*Activity:*
Reproduce the data exactly and drop any pictures it holds.

*Data provided:*
+ + + +
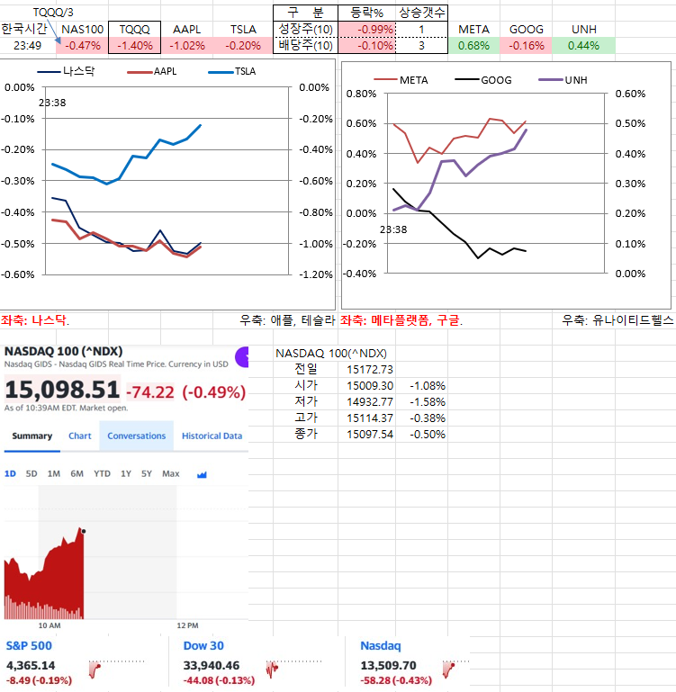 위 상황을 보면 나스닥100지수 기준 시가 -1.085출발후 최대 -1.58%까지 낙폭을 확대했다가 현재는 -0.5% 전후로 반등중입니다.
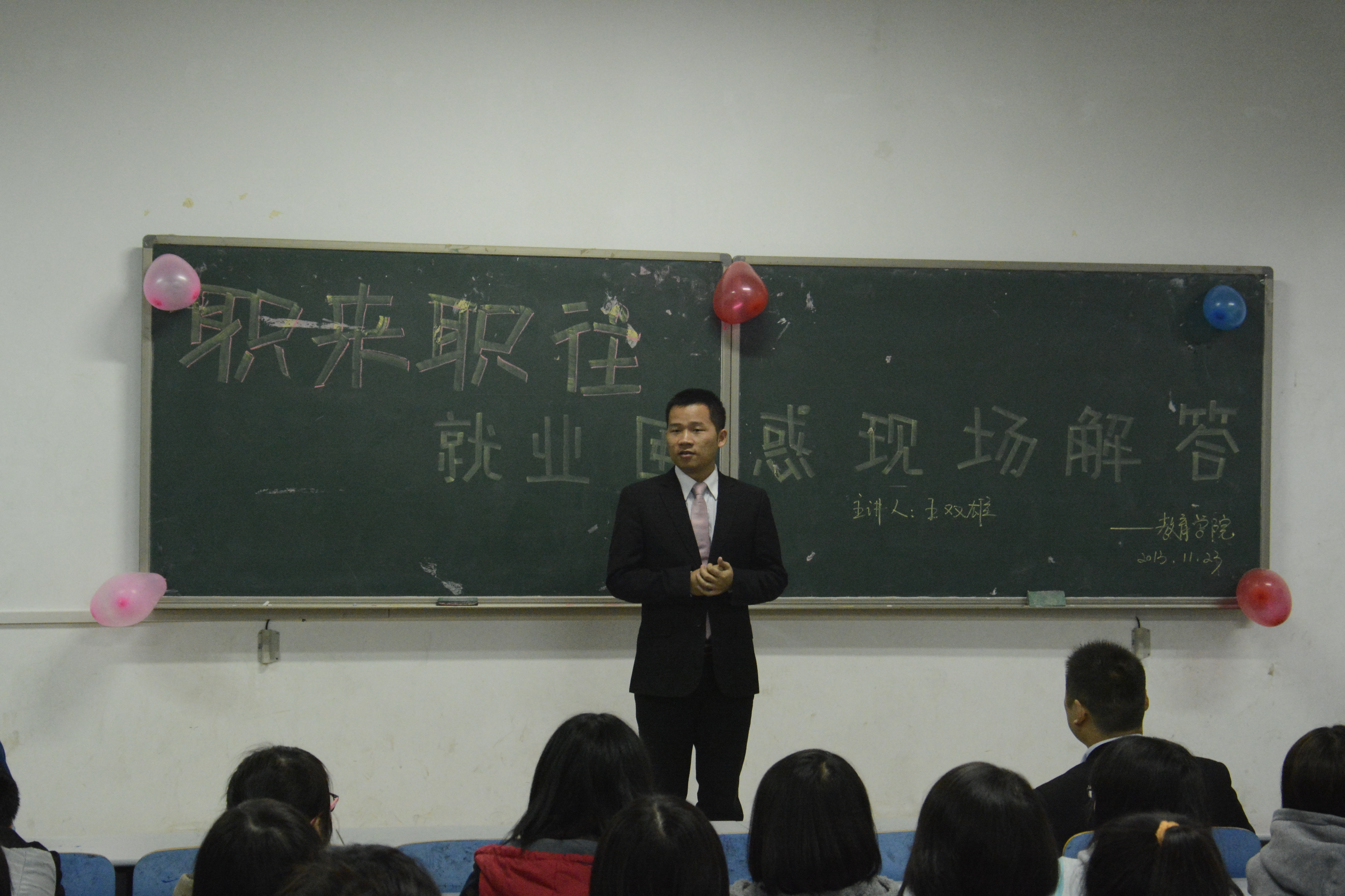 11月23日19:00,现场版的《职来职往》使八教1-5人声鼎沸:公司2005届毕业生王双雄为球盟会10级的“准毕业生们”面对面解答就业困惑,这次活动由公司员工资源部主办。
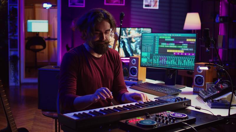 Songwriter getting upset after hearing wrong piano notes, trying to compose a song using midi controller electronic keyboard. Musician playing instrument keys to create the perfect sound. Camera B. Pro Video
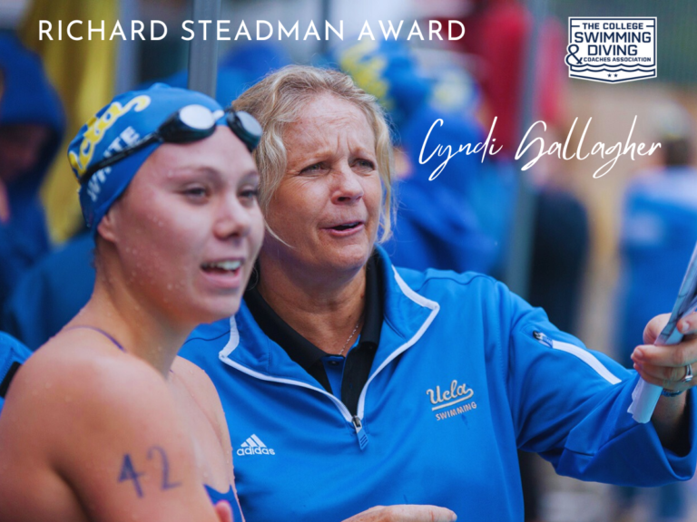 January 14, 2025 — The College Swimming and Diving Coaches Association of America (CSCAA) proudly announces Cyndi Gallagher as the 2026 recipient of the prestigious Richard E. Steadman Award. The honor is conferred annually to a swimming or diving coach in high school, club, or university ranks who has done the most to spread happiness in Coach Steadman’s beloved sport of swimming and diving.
+ + + +
*Answer box:*
 위 상황을 보면 나스닥100지수 기준 시가 -1.085출발후 최대 -1.58%까지 낙폭을 확대했다가 현재는 -0.5% 전후로 반등중입니다.
 11月23日19:00,现场版的《职来职往》使八教1-5人声鼎沸:公司2005届毕业生王双雄为球盟会10级的“准毕业生们”面对面解答就业困惑,这次活动由公司员工资源部主办。
 Songwriter getting upset after hearing wrong piano notes, trying to compose a song using midi controller electronic keyboard. Musician playing instrument keys to create the perfect sound. Camera B. Pro Video
 January 14, 2025 — The College Swimming and Diving Coaches Association of America (CSCAA) proudly announces Cyndi Gallagher as the 2026 recipient of the prestigious Richard E. Steadman Award. The honor is conferred annually to a swimming or diving coach in high school, club, or university ranks who has done the most to spread happiness in Coach Steadman’s beloved sport of swimming and diving.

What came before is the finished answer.